Thursday, January 14, 2010

One week

Not much going on this past week in teh pokers. Been playing a lot of CoH ... up to level 12 in 2v2 americans, and holding steady @level 10 in 1v1's. Getting better.

Had to get up at 6 this morning to drive Brian & Cam to the airport. Okay, I wasn't actually their ride there, but I was their car's ride back. Replaced my shovel for the driveway, so I can clear that out at some point, and finally went shopping post-Florida trip.
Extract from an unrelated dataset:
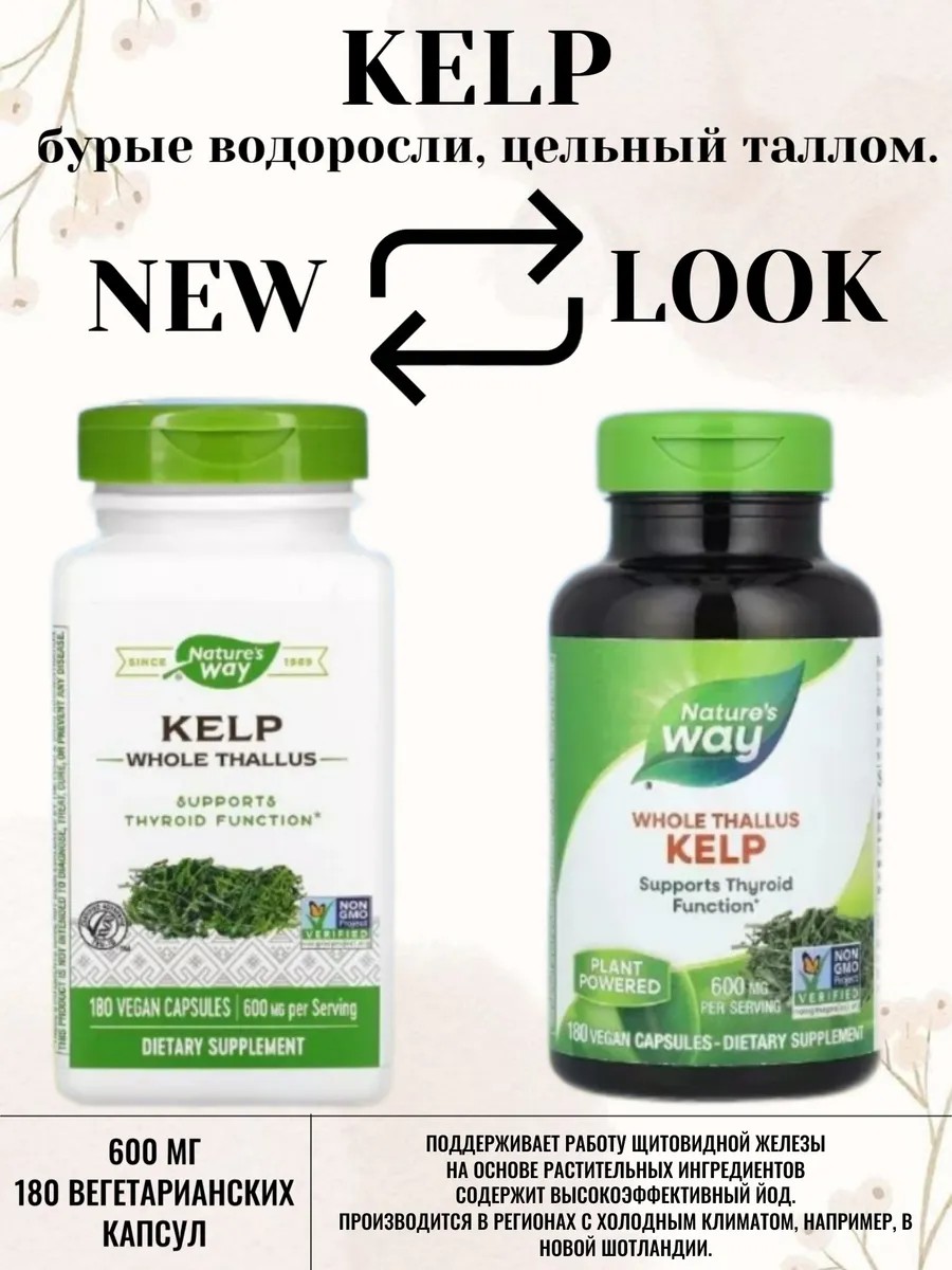 Бурые водоросли растут под водой и являются отличным источником йода. Nature’s Way использует водоросли, полученные без нанесения вреда окружающей среде из холодных водоемов, таких как в Новой Шотландии, где собиратели диких растений аккуратно срезают листья, не выкорчевывая растения, чтобы дать им возможность отрасти в будущем. Сотрудники Nature’s Way уверены, что только природа способна дать нам все самое лучшее. Именно поэтому мы отбираем самые качественные травы, которые только есть на земле. Таким образом мы обеспечиваем бескомпромиссное качество и помогаем вам вести здоровый образ жизни. Рекомендации по применению:

Rerolled a new character in Dragon Age, a city elf rogue. I think I'm gonna try a main group of rogue x2, tank, healer. Should be interesting.

Saturday, January 9, 2010

Freeroll!

Cashed in the gold level freeroll, then got knocked out with TT against 67 on a 58J4 board. Knew I should have repopped him pre. Low skill tournament, really - very fast levels. Some jackass at my table was stalling from 210 players (180 spots paid); it was pretty sweet knocking him out in 182nd. Won't complain about $50 from a freeroll, though.

Played about 6 games of CoH today. Won all but the first, including a standard 4v4 where I had double anyone else's score (buncha noobs! nobody retreated anything!) and a 2v2 on Rails and Metal where my opponent whined about how I "spammed" rangers (I had 4 squads). Well, gee, the dude on my side built nothing but PG's with the first rifle upgrade and tank hunters, both of which upgraded rangers act as a hard counter to. Finally towards the end of the game he builds a single IST (yay for counters) and then sends it directly into my blob (d'oh!). It gets two shots off and gets raped by my 8 bazookas. Then he starts whining, to which I say "I'm sorry I was able to out-produce you", almost getting around to mentioning that I might not have spammed them if he had actually built an effective counter.

Time for Einherjar, and then my first limbus in quite some time.